ASAMBLEA GENERAL DE LAS NACIONES UNIDAS PANEL SOBRE LA CRISIS FINANCIERA
François Houtart 2008
Señoras y señores delegados, queridos amigos,
El
mundo requiere alternativas y no solo regulaciones. No es suficiente
rehabilitar un sistema, se trata de transformarlo. Es un deber moral y
para comprenderlo, adoptar el punto de vista de las víctimas,
permite a la vez hacer una constatación y expresar una convicción; la
constatación que en conjunto las crisis, financiera, alimentaria,
energética, hídrica, climática, social, provienen de una causa común, y
la convicción de que podemos transformar el curso de la historia.
La constatación
Cuando
850 millones de seres humanos viven debajo de la línea de pobreza y que
su número aumenta, cuando cada 24 horas decenas de millares de personas
mueren de hambre, cuando desaparecen día tras día etnias, modos de
vida, culturas, poniendo el patrimonio de la humanidad en peligro,
cuando el clima se deteriora y que surge la pregunta si vale la pena
vivir en Nueva Orleans, en El Salvador, en Sahel, en las Islas del
Pacífico, en Asia Central y en la orilla de los océanos, no se puede
contentar con hablar solo de crisis financiera.
Las
consecuencias sociales de esta crisis se sienten ya más allá de las
fronteras de su propio origen: desempleo, vida costosa, exclusión de
los más pobres, vulnerabilidad de las clases medias y ampliación, con
el tiempo, del listado de las víctimas. Seamos claros, no se trata
solamente de un accidente en el recorrido o de un abuso cometido por
algunos actores económicos que requieren ser sancionados, estamos
confrontados a una lógica que atraviesa toda la historia
económica de los últimos dos siglos.

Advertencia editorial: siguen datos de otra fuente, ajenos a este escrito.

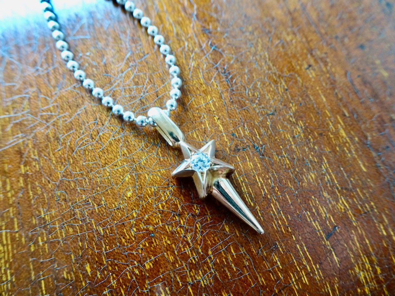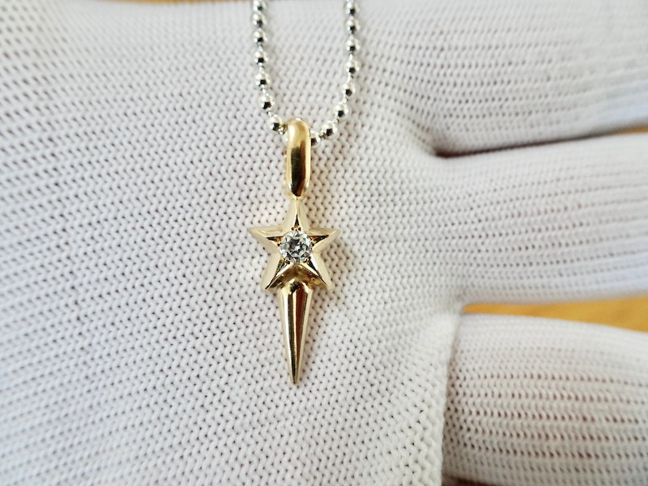 ごらん頂きありがとうございます。 オリジナルブランド 仁尾彫金『一つ星ダイヤ、ゴールドスタースパイク』を出品致します。オリジナルのアクセサリーを自ら制作しています。今回、幅9.5ミリの星のモチーフにスパイクを付けて制作致しました。縦はバチカン、スパイクを含めまして2.7cmになります。最大厚みは5ミリあります。そこに今回、光輝く星をイメージして上品質の3ミリ天然ダイヤを1石堀留しました。使用ダイヤは上品質なので無色透明で照り輝きは最上級です!!全て金の塊なので永久にゴールドに輝き続け輝く星をイメージしたダイヤも永久に輝き続けます!!デザイン、制作を私自身で行っている為、今回、新品をご用意致します!! シルバー925ボールチェーン45cm(40から45cmサイズ調節可)も付属致します。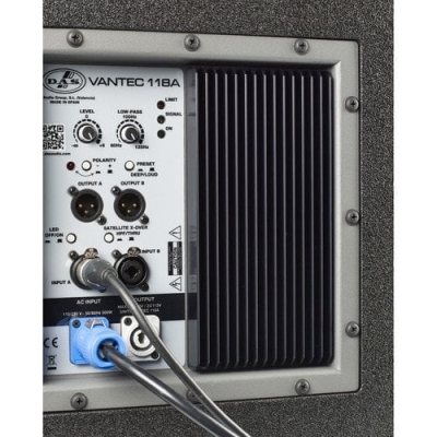 18' D.A.S. Vantec-118A, taşınabilir, çok yönlü ve kullanımı kolay, 2000 W gücünde önden yüklemeli bir subwoofer sistemidir. Herhangi bir hoparlör sisteminin alt sınırını genişletmek için tasarlanmıştır ve Vantec-20A destekli kavisli sistemi tamamlamak için özel olarak tasarlanmıştır. kaynak hat dizisi, tam aralıklı hoparlör Yerleşik DSP işleme ve basit arayüz, çalışan sunucuların, müzisyenlerin, eğitmenlerin, sanatçıların ve A/V sağlayıcılarının hızlı bir şekilde güçlü, temiz ve net ses elde etmesine yardımcı olur.
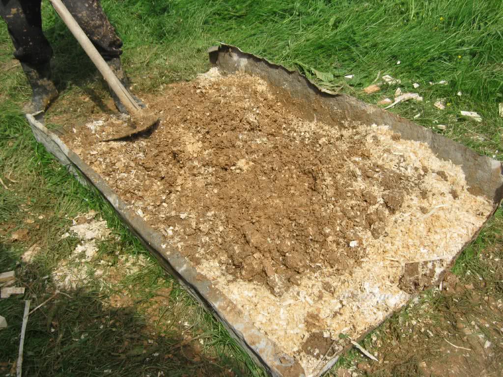 - смешать половину опилок и известь, выложить порционно в мокрую глину и промешать;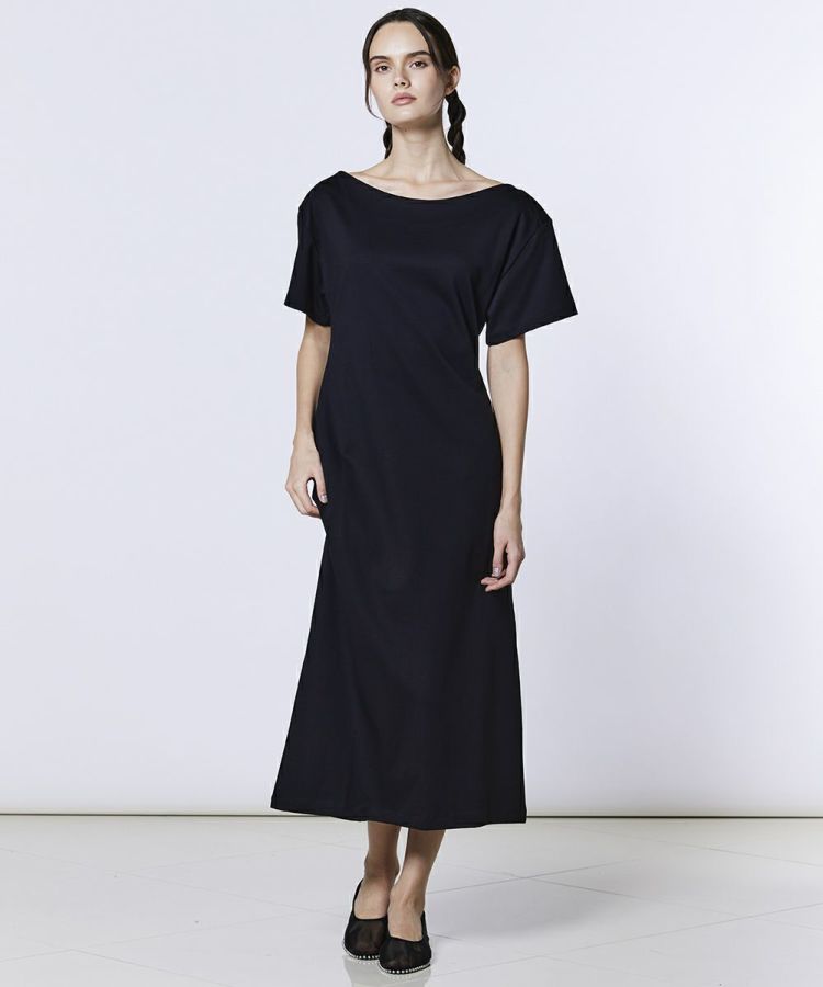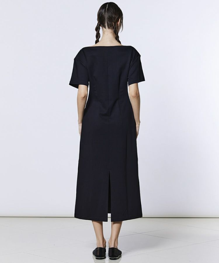 ざっくりと開いたボートネックがデコルテラインを美しく引き立て、センシュアルな大人の雰囲気を漂わせるワンピース。肉厚な素材ながらもシルエットはすっきりと美しく、カジュアルになりすぎず上品に着こなせます。ウエストには程よいくびれを持たせ、女性らしいラインを演出。背面にはスリットを施し、動きやすさと抜け感をプラスしました。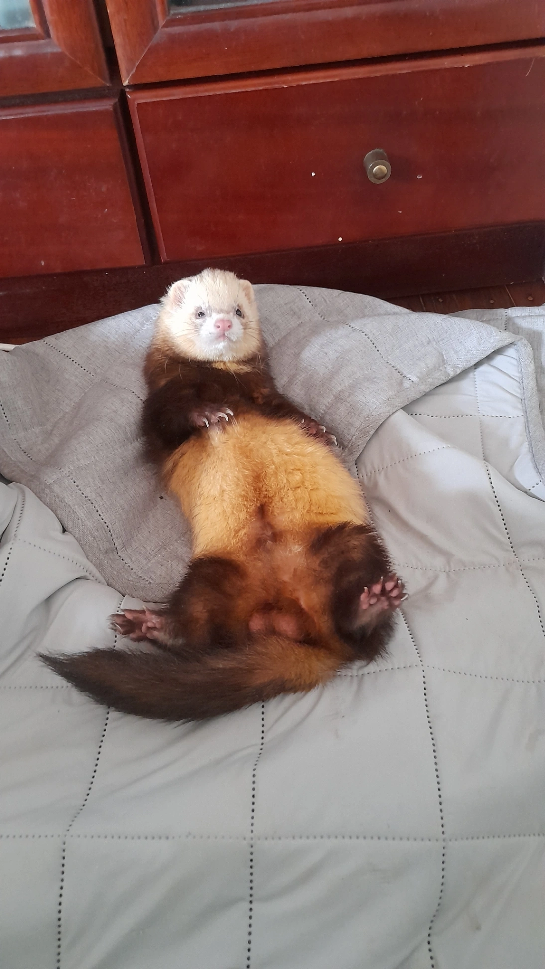 Is a very cute ferret, very friendly and lovely. Ferrets doesn't know their way back home, so I'm very worried, and they don't eat any food, only special food like kangaroo meat.

De crisis a regulaciones, de
desregulaciones a crisis, el desenvolmiento de los hechos responde
siempre a la presión de las tasas de ganancia: en aumento se desregula,
en disminución se regula, pero siempre a favor de la acumulación del
capital, ella definida como motor del crecimiento. Lo que se vive hoy
en día no es entonces nuevo. No es la primera crisis del sistema
financiero y algunos dicen que no será la última.
Sin embargo,
la burbuja financiera creada durante los últimos decenios, gracias,
entre otros, al desarrollo de nuevas tecnologías de información y de
comunicaciones, ha sobredimensionado todos los datos del problema. La
economía se ha vuelto cada vez más virtual y las diferencias de
ingresos han aumentado exageradamente. Para acelerar las tasas de
ganancia, una arquitectura compleja de productos derivados ha sido
puesta en marcha y la especulación se ha instalado como un modo de
operación del sistema económico. Y lo nuevo es que todos los
desequilibrios que se viven hoy mundialmente convergen en una misma
lógica.
La crisis alimentaria es un ejemplo de eso. El aumento
de los precios no fue en primer lugar el fruto de la disminución de la
producción, sino más bien el resultado de una combinación entre la
disminución de los stock, las maniobras especulativas y la extensión de
la producción de agrocarburantes. La vida de las personas humanas ha
sido entonces sometida por la obtención de ganancias. Las cifras de la
bolsa de Chicago así lo ilustran.
Por
su parte, la crisis energética va mucho más allá de la explosión
coyuntural de los precios del petróleo. Esta señala el fin del ciclo de
la energía fósil barata (petróleo y gas), pues su mantenimiento a un
precio inferior provocó una utilización inconsiderada de energía, a
favor de un modo de crecimiento acelerado, que permitió una rápida
acumulación de capital a corto y mediano plazo. La sobreexplotación de
los recursos naturales y la liberalización de los intercambios,
especialmente desde los años 70, multiplicó el transporte de las
mercancías y fomentó los medios de movilidad individual, sin considerar
las consecuencias climáticas y sociales. La utilización de derivados
del petróleo como fertilizantes y pesticidas se generalizó en el marco
de una agricultura productivista. El modo de vida de las clases
superiores y medias se construyó sobre el derroche energético. En esta
área también, el valor de intercambio se privilegió sobre el valor de
uso.
Hoy, ante esta crisis que amenaza con perjudicar seriamente
la acumulación del capital, aparece la urgencia de buscar soluciones.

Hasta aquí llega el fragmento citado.